▶ **Source material**
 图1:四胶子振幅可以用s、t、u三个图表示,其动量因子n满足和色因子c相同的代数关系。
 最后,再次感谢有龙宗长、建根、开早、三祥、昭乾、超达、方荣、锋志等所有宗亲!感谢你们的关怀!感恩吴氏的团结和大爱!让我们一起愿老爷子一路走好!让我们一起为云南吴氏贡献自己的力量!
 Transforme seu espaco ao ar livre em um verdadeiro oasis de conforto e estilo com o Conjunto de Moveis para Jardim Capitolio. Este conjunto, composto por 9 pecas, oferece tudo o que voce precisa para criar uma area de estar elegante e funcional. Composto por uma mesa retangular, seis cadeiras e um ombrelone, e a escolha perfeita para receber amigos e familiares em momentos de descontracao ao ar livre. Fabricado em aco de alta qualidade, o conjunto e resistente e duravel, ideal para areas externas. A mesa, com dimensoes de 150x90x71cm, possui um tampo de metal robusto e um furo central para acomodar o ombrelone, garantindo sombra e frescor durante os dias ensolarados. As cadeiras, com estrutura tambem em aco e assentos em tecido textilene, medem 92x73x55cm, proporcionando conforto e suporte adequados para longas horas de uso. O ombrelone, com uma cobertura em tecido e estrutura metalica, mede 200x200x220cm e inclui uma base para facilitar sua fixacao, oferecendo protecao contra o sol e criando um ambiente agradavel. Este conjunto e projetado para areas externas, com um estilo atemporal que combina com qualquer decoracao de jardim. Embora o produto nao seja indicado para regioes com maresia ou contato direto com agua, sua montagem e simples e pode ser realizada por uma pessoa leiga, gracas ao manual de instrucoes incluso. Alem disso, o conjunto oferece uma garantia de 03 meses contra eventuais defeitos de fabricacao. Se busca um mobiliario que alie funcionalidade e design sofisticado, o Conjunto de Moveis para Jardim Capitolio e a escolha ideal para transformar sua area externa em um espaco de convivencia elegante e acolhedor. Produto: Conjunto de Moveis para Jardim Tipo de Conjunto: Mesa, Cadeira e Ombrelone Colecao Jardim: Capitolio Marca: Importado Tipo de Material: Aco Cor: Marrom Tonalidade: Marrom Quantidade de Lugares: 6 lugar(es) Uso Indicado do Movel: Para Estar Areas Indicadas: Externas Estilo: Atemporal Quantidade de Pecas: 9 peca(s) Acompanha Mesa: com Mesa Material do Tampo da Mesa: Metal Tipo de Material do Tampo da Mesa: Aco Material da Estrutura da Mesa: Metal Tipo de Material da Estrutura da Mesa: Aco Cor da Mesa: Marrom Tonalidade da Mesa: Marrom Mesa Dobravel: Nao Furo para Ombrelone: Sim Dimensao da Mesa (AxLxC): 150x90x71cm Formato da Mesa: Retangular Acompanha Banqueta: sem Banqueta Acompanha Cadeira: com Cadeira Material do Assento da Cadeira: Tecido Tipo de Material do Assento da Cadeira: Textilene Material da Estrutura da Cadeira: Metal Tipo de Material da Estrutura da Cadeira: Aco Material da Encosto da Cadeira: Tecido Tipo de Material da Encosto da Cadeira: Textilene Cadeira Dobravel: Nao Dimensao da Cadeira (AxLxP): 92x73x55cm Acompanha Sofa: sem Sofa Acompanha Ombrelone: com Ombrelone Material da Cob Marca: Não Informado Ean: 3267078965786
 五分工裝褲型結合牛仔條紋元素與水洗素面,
---
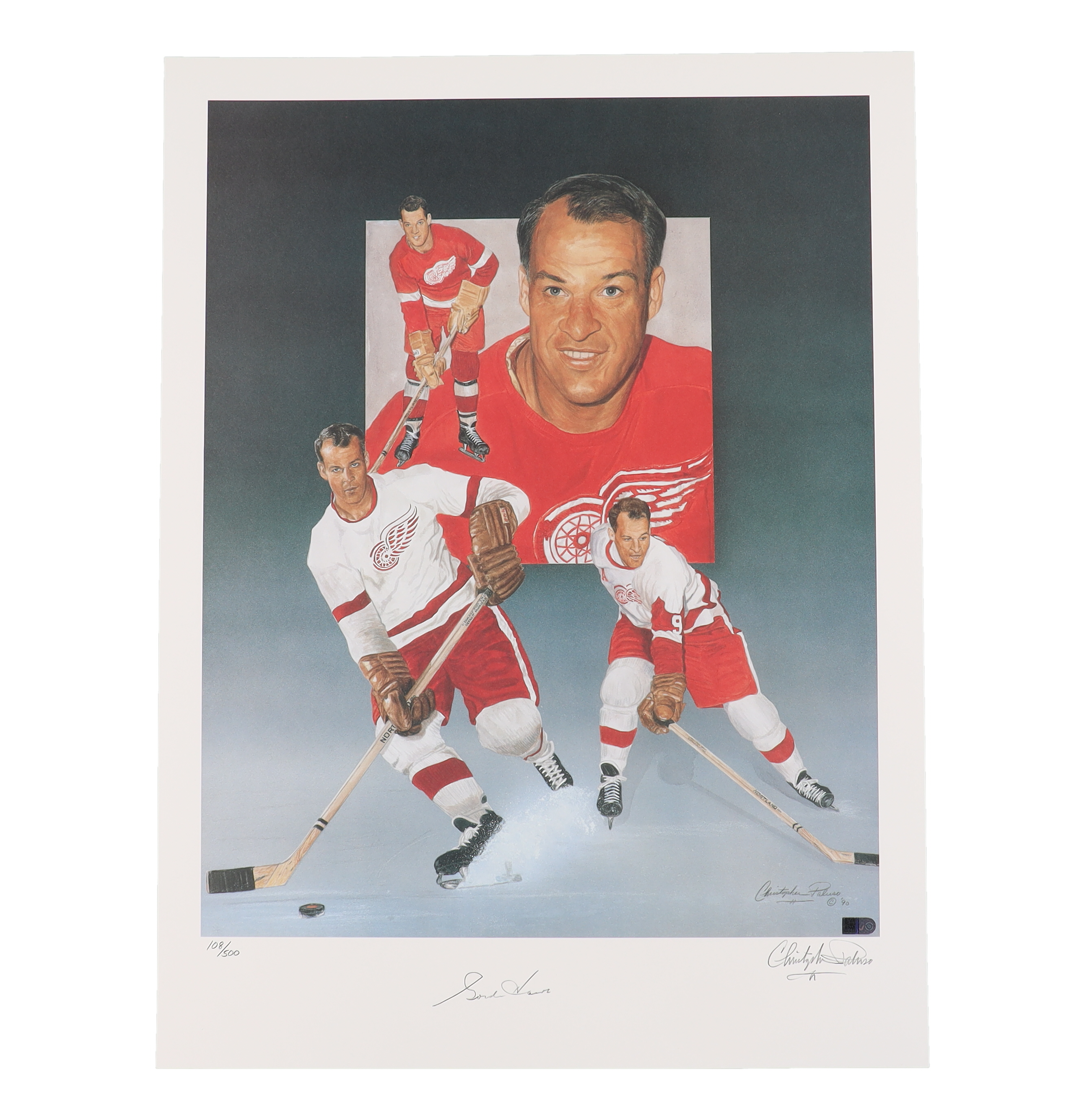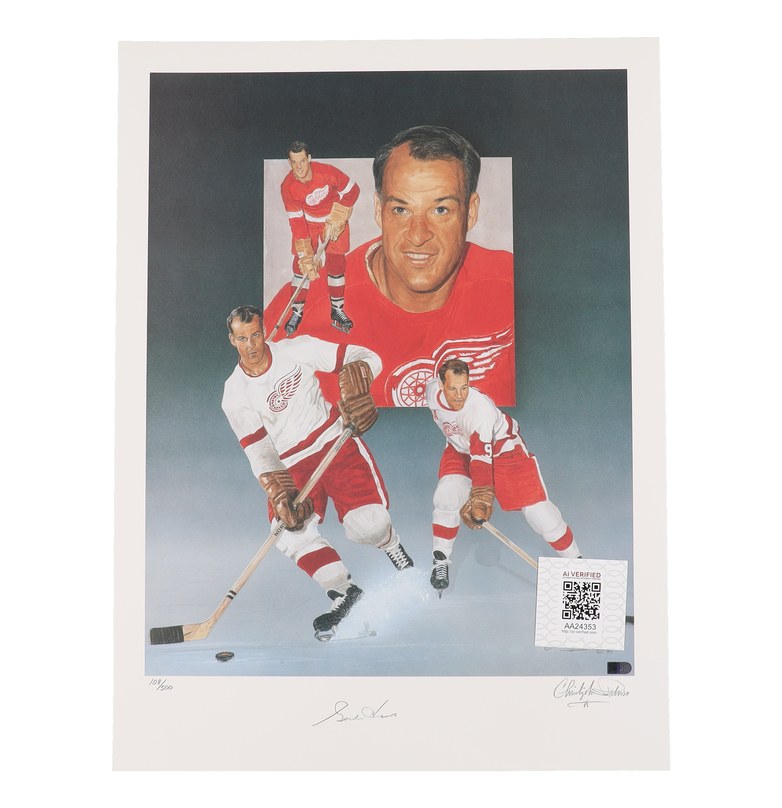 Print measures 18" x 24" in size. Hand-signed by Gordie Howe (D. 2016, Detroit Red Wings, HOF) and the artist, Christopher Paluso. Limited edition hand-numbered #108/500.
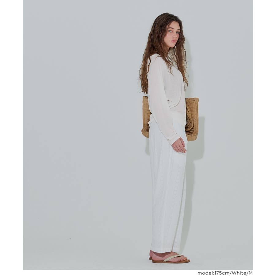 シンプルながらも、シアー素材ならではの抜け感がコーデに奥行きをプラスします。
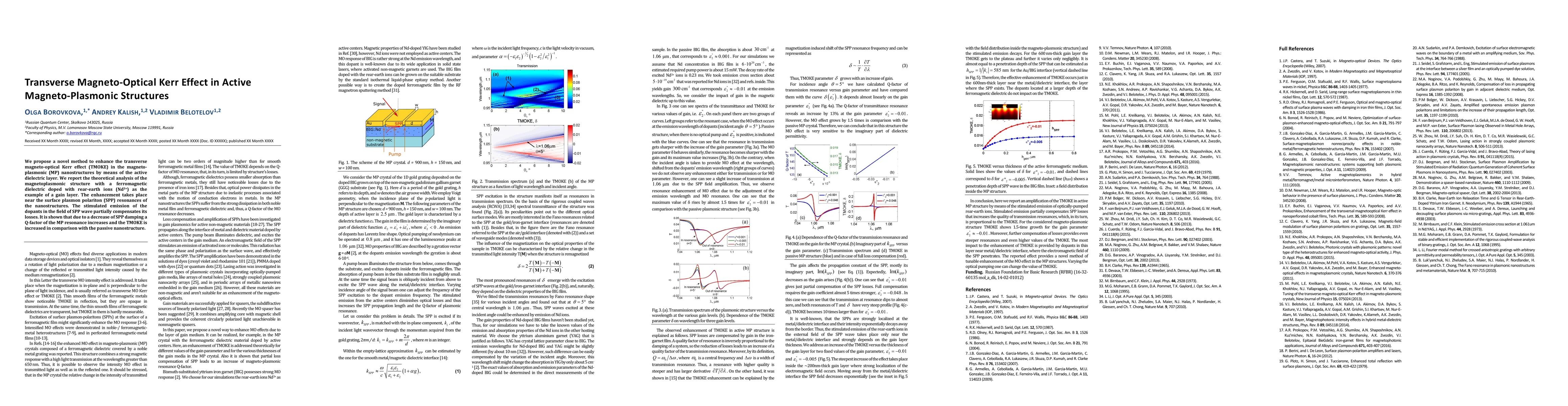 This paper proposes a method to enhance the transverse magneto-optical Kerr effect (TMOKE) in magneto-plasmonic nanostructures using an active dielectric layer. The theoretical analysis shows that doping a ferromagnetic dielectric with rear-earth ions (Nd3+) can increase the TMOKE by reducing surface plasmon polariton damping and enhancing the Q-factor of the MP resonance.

▶ **Task**
Take the stretch of lines above from the one containing "图1:四胶子振幅可以用s、t" through the one containing "最后,再次感谢有龙宗长、建根" and repeat it exactly, adding no other line.

▶ **Solution to the problem**
 图1:四胶子振幅可以用s、t、u三个图表示,其动量因子n满足和色因子c相同的代数关系。
 最后,再次感谢有龙宗长、建根、开早、三祥、昭乾、超达、方荣、锋志等所有宗亲!感谢你们的关怀!感恩吴氏的团结和大爱!让我们一起愿老爷子一路走好!让我们一起为云南吴氏贡献自己的力量!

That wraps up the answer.